In 2013, Xie played against Kikuyo Aoki as the challenger, and won back the title, returning to having the three titles. In this year's Pair Go Tournament, she formed a new pair with Kobayashi Satoru and for the third consecutive year became the champion. In November she lost her Female Honinbo title to Chiaki Mukai in a 2–3 defeat.

In 2014, Xie defended the Female Kisei title from the challenger Kikuyo Aoki for the second consecutive year. She also defended the title of Female Meijin for the seventh consecutive year, this time from the challenger Keiko Kato.

In 2015, Xie defeated Rina Fujisawa 3–2 in the Female Honinbo tournament, winning the title for the first time in three years.

In 2016, Xie became a guest professor at Heian Jogakuin University.
She defended the Female Meijin title from the challenger Kikuyo Aoki, making this her ninth consecutive year with the title.

In March 2017, Xie lost the Female Meijin title to Fujisawa Rina after losing 0–2 in the title defense.

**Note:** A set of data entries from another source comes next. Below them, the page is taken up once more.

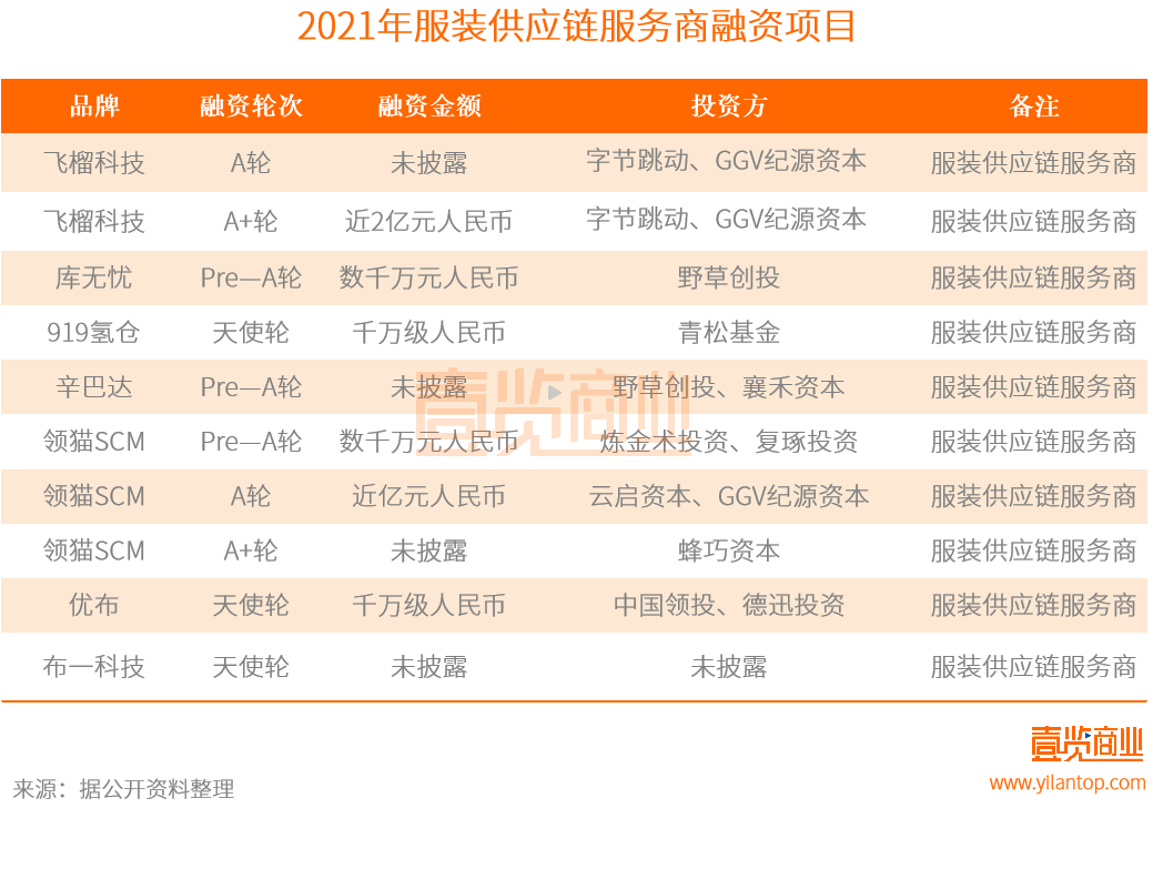 據壹覽商業不完全統計,2021年中包含飛榴科技、庫無憂、領貓SCM、布一科技等7個服裝供應鏈服務商獲得融資,披露融資金額為3.8億元。其中,領貓SCM品牌在一年內連獲三輪融資。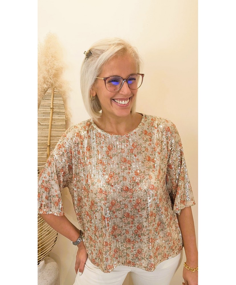 Le haut sequins Sunset Glow sublime votre silhouette avec son jeu de sequins scintillants aux nuances chaudes et lumineuses.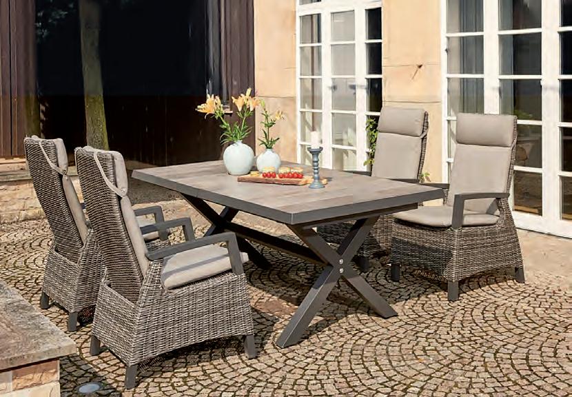 1bestehend aus 4 Verstell-Geflechtsesseln Corido mit Gasdruckfedersystem inkl. Sitz- und Rückenkissen und 1 Alu-Ausziehtisch Sincro mit Keramikplatte 200/260 x 100 cm 29,99 NUR 19,95 249,99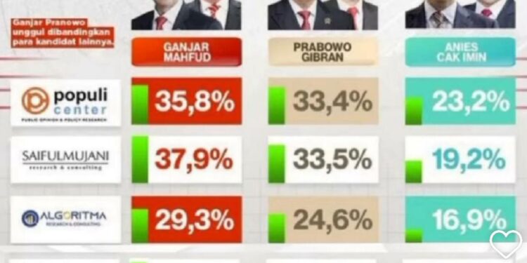 Jakarta – bedanews.com – Elektabilitas pasangan Capres-Cawapres Partai Demokrasi Indonesia Perjuangan (PDIP), Ganjar Pranowo-Mahfud MD menunjukkan hasil tertinggi dibandingkan dua pasangan lain, Prabowo Subianto-Gibran Rakabuming Raka dan Anies Baswedan-Muhaimin Iskandar.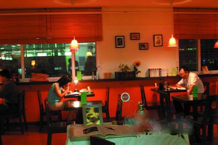 这里位子不多,每个书房也就10桌的样子,屋里的灯光很柔和,空气里伴有浓香的咖啡味道,耳边还不时地流淌着微微的轻音乐。这里可以上网,而且速度不错。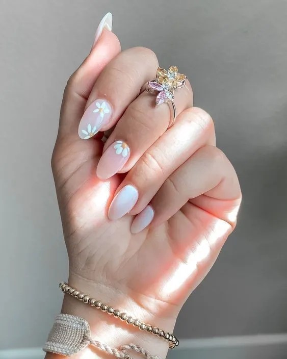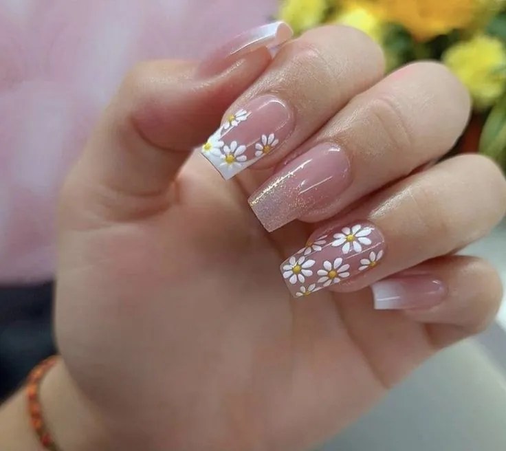 For a simple and sweet look, try painting white daisies on your nails. You can use a dotting tool to create the petals, or you can use a stencil if you’re not as confident in your freehand skills.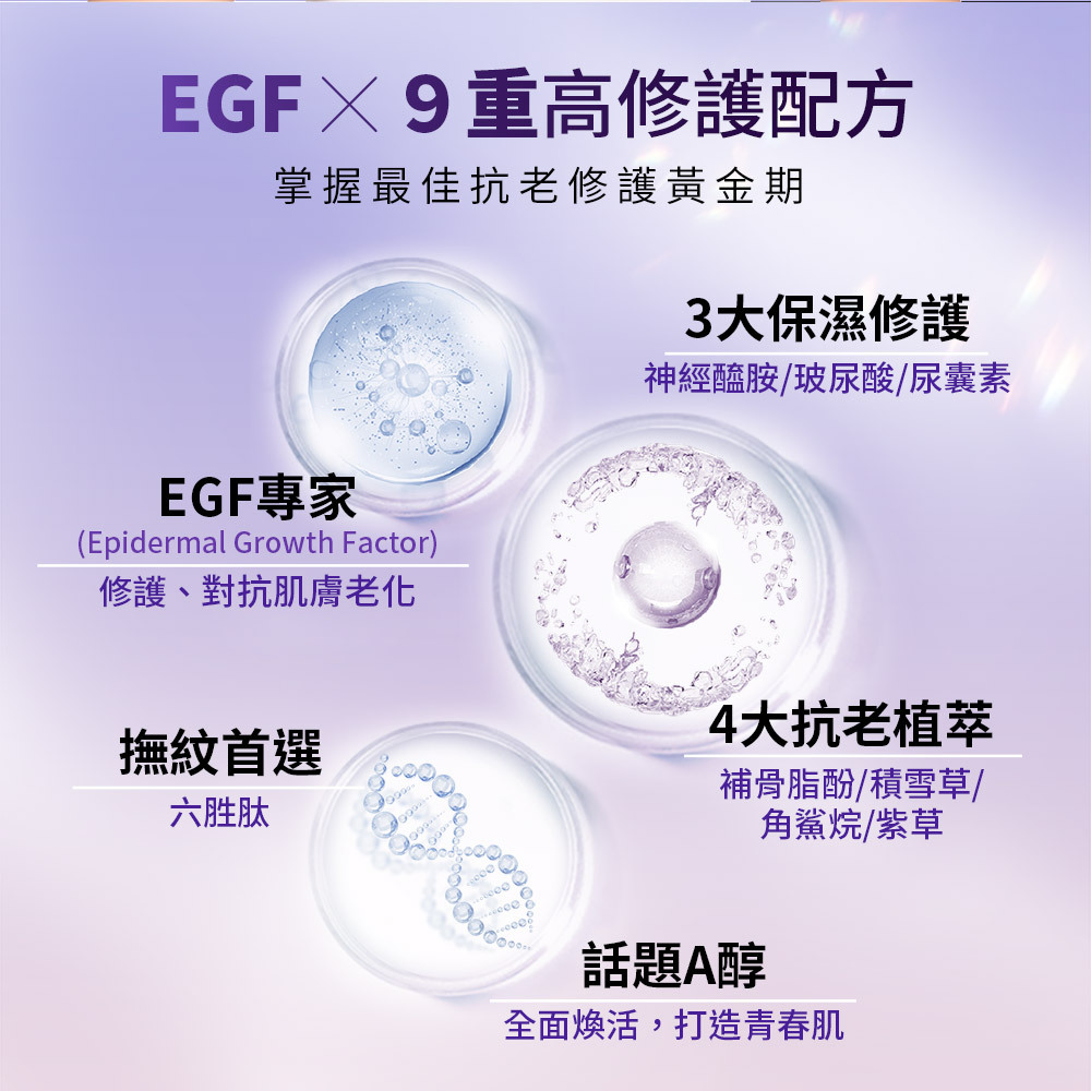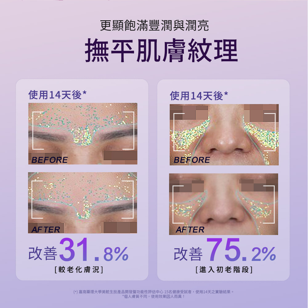 口碑No.1抗老緊緻乳液!添加4種抗老植萃(補骨脂酚、積雪草、角鯊烷、紫草)修護乾燥肌膚、撫平老化粗糙細紋,輕透微乳液,滋潤而不黏膩。

In June 2017, she became the runner up for the 4th Aizu Central Hospital Cup.

== Promotion record ==

| Rank | Year | Notes |
|---|---|---|
| 1 dan | 2004 |  |
| 2 dan | 2005 | Promoted based on the prize money ranking |
| 3 dan | 2006 | Promoted based on the prize money ranking |
| 4 dan | 2008 | Promoted based on the prize money ranking |
| 5 dan | 2010 | Promoted based on the prize money ranking |
| 6 dan | 2012 | Promoted based on the prize money ranking |
| 7 dan | 2021 | Won 120 games while 6 dan |
| 8 dan |  |  |
| 9 dan |  |  |

== Titles and runners-up ==

| Title | Wins | Runners-up |
|---|---|---|
| Wakagoi Cup | 1 (2006) | 0 |
| Female Kisei | 7 (2010–11, 13–17) | 1 |
| Female Meijin | 9 (2008–16) | 1 (2017) |
| Female Honinbo | 8 (2007–12, 15, 17) | 1 |
| Aizu Central Hospital Cup | 1 (2016) | 2 (2015, 2017) |
| Female Saikyo | 1 (2016) | 1 (2017) |
| Total | 26 | 6 |

== Personal life ==
Xie enjoys hip-hop dance as a hobby, and has previously performed at various events.